EMRFD Message Archive 15371

Message Date From Subject
15371 2019-08-14 11:54:04 Leinweber, Glen crystal oscillator tempco
Pulled out the standard circuit G3UUR crystal-characterizing oscillator to
measure some old 10MHz HC-49 pulled from very old hard drive interfaces.

I had built G3UUR on a small PCB, 2N3904's. Used two 470pf polystyrene
capacitors between base-emitter, and emitter-gnd.
Stuck in my crystal, and left it on overnight. Seemed that frequency was
remarkably stable while outside temps dropped from 29C to 19C.

Curious, seemed far more stable than a cheap canned Xtal osc.

Those polystyrenes supposedly have about -150ppm/C tempco. Could
this G3UUR be fortuitously temperature-compensated or nearly so?

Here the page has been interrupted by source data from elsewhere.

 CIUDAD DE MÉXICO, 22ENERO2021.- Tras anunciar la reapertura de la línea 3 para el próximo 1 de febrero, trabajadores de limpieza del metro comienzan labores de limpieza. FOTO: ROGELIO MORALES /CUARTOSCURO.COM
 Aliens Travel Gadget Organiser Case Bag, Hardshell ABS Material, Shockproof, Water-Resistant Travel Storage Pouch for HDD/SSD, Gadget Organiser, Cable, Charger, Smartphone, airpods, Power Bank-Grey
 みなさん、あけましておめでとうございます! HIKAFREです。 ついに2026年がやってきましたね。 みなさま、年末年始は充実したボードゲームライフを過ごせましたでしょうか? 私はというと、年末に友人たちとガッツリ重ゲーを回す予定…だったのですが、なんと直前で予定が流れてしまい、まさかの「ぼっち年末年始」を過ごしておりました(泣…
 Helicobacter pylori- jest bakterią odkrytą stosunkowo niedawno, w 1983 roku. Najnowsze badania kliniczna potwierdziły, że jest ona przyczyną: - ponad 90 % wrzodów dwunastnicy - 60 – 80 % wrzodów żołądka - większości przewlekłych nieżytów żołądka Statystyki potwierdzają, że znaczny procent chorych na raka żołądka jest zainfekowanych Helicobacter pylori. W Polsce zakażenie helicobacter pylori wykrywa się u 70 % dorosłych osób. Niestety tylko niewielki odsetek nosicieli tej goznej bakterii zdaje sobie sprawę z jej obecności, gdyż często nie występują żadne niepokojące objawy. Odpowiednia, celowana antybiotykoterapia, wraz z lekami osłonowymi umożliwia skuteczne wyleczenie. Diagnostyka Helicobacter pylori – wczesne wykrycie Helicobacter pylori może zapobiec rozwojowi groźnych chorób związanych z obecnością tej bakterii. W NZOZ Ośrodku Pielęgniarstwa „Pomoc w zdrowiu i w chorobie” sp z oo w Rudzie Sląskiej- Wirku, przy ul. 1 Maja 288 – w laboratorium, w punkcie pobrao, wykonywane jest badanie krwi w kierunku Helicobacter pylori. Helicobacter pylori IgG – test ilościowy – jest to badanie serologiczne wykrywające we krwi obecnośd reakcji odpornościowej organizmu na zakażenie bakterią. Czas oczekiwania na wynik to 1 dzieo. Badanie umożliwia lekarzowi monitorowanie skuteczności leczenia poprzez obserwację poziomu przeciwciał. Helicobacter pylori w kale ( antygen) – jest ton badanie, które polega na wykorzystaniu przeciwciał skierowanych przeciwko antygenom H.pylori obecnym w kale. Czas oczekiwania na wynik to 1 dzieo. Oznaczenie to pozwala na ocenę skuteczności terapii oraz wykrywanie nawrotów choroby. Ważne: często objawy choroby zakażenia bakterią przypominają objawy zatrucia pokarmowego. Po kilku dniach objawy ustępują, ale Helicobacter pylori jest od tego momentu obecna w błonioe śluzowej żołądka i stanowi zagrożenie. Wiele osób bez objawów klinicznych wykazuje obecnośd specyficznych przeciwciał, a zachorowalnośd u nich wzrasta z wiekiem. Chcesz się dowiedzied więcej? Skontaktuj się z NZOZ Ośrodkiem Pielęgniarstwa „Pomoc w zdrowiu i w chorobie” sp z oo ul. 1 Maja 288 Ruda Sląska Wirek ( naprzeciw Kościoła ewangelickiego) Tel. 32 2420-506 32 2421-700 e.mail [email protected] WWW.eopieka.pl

So made a crude oven (far more crude than one built by Wes in the fog
of times past). A tin can wrapped in foam packing material except for
its bottom end, in a pot of water hot-to-cold. An old mercury thermometer
to measure temperature.
Starting with hot water, took it down from 45C to 10C, probably too fast.
Through that range, frequency varied 10 Hertz (nominal 9997228).
One turnover temp was found at 35C. Another was approx. 13C.
That's one stable oscillator: could use more negative tempco.

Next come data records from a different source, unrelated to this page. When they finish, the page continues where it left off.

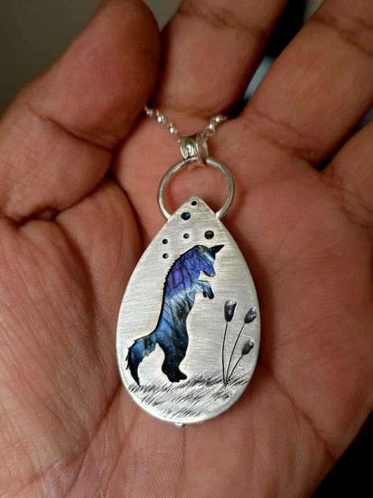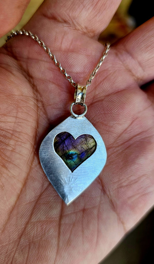 Collier artisanal en argent 925 Pierre labradorite Violette – Pièce Unique !!
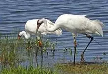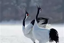 丹顶鹤:是鹤科、鹤属的一种大型涉禽,体长120-160厘米。颈、脚较长,通体大多白色,头顶鲜红色,喉和颈黑色,耳至头枕白色,脚黑色,站立时颈、尾部飞羽和脚黑色,头顶红色,…全部>>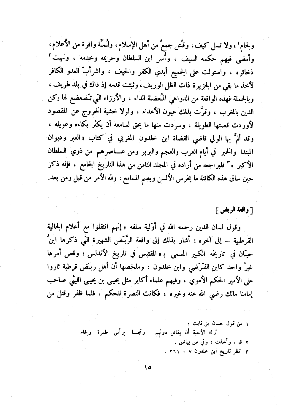 وقول لسان الدين رحمه الله في أولية سلفه إنهم انتقلوا مع أعلام الجالية القرطبية - إلى آخره، أشار بذلك إلى واقعة الربض الشهيرة التي ذكرها ابن حيان في تاريخه الكبير المسمى بالمقتبس في تاريخ الأندلس وقص أمرها غير واحد كابن الفرضي وابن خلدون، وملخصها أن أهل ربض قرطبة ثاروا على الأمير الحكم الأموي، وفيهم علماء أكابر مثل يحيى بن يحيى الليثي صاحب إمامنا مالك رضي الله عنه وغيره، فكانت النصرة للحكم، فلما ظفر وقتل من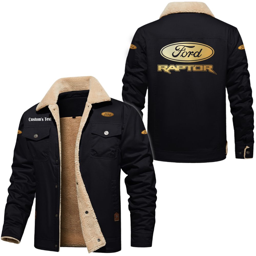 ford raptor Golden Logo Custom Cargo Fleece Lined Cotton Jacket Black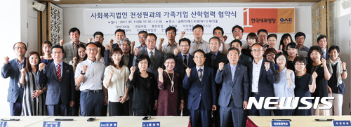 【대전=뉴시스】유순상 기자 = 우송대와 우송정보대의 우송학원(이사장 김성경)이 11일 우송타워 솔파인레스토랑에서 (사)천성원 등 13개 기업과 가족회사 협약식을 체결한 가운데 정상직 우송정보대 총장 등 참석자들이 기념촬영을 하고 있다. 이번 협약에 따라 기업들은 학생들 연수 및 실습기회 제공, 정보교류, 졸업생 채용, 일학습병행제 학위연계형 참여 등에서 협력한다.2017.07.11.(사진=우송정보대 제공)

Checked a large parts supplier. No polystyrenes. Any caps with negative
tempco? Only 50kV and $$$. All others marked "obsolete", "no stock". Sigh.
Harbour any you can find.
15372 2019-08-14 13:42:25 Jim Kortge Re: crystal oscillator tempco
15376 2019-08-24 08:41:02 w0gk Re: crystal oscillator tempco
Re: NTC caps, I've bought polystyrene caps from West Florida Components.

Digikey has some NTC ceramics in useful values. Use their component search feature to find them. You may need to figure out the EIA letter code equivalents for N150, N220, etc.

Also, Dan's used to have some NTC ceramic trimmers. These are useful for dialing in temperature compensation. Don't know if they are still available. As I recall, they weren't advertised as NTC, but were marked "N300" and seem to behave as NTC.

The problem I've run into with polystyrene caps is that the available values are often too big to be useful for temperature compensation. Generally, values less than than 100pF are what I've needed.

You mentioned Wes, W7ZOI. His article in QST a number of years ago is a great resource for tweaking oscillator temperature compensation in an organized, orderly manner. From your mention, I assume you've seen that article, if not it's worth tracking down.